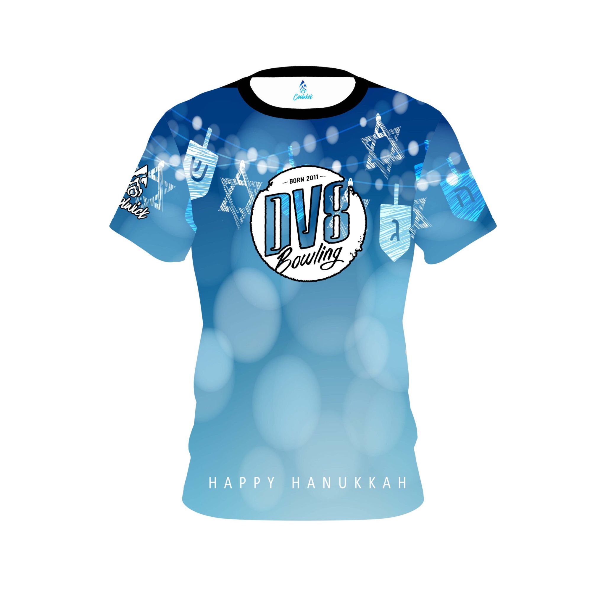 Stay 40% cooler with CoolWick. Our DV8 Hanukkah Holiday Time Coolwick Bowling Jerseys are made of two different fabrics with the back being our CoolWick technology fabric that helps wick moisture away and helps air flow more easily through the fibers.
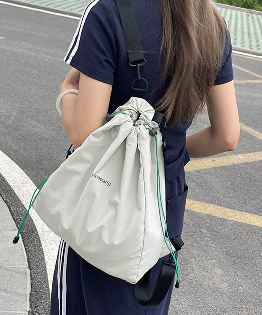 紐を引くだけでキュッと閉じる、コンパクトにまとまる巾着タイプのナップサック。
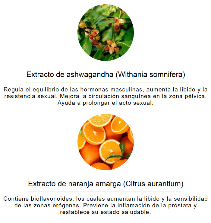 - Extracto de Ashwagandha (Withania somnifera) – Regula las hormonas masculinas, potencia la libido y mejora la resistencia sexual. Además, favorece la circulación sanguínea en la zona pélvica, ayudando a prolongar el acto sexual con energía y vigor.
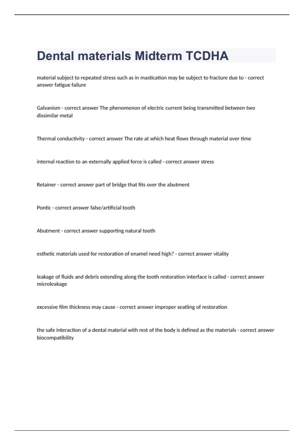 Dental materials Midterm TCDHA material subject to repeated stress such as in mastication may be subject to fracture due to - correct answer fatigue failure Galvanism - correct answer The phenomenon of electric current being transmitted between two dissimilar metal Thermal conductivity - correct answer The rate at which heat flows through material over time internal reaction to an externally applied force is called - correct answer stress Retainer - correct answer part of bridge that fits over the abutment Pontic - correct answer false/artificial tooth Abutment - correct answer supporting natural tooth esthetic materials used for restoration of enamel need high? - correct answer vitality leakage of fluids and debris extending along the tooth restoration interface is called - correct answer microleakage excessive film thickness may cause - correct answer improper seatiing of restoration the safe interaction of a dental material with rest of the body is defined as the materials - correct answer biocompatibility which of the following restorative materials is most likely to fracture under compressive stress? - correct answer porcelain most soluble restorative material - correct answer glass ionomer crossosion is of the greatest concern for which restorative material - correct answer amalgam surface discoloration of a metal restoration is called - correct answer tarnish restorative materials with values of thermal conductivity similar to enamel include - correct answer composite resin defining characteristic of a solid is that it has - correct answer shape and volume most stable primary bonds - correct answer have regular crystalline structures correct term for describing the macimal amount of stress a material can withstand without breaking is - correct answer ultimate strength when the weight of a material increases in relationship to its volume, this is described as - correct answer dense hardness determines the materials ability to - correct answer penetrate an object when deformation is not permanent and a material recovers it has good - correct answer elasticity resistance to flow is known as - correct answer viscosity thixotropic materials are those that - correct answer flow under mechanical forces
---
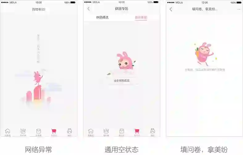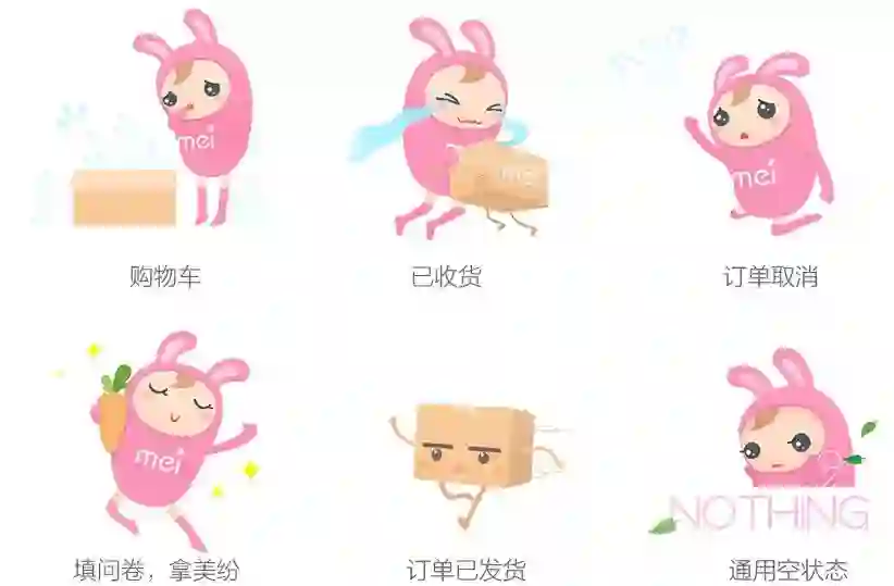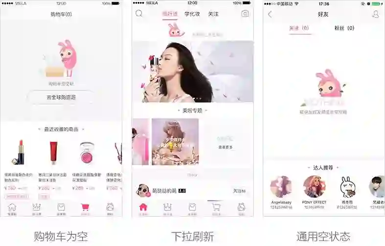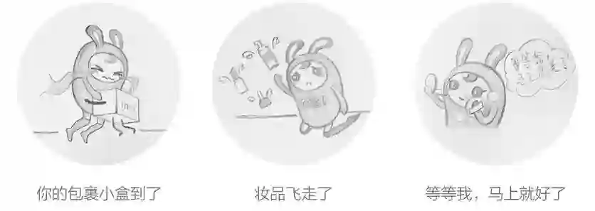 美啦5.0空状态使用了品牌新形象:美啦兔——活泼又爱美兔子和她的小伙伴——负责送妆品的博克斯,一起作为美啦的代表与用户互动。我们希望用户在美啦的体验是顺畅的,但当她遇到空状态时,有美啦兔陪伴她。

▶ [Problem to work on] Give the lines above again exactly, from the one containing "Stay 40% cooler" to the one containing "- Extracto de", both included, but leave out the pictures.

▶ [Finished task]
 Stay 40% cooler with CoolWick. Our DV8 Hanukkah Holiday Time Coolwick Bowling Jerseys are made of two different fabrics with the back being our CoolWick technology fabric that helps wick moisture away and helps air flow more easily through the fibers.
 紐を引くだけでキュッと閉じる、コンパクトにまとまる巾着タイプのナップサック。
 - Extracto de Ashwagandha (Withania somnifera) – Regula las hormonas masculinas, potencia la libido y mejora la resistencia sexual. Además, favorece la circulación sanguínea en la zona pélvica, ayudando a prolongar el acto sexual con energía y vigor.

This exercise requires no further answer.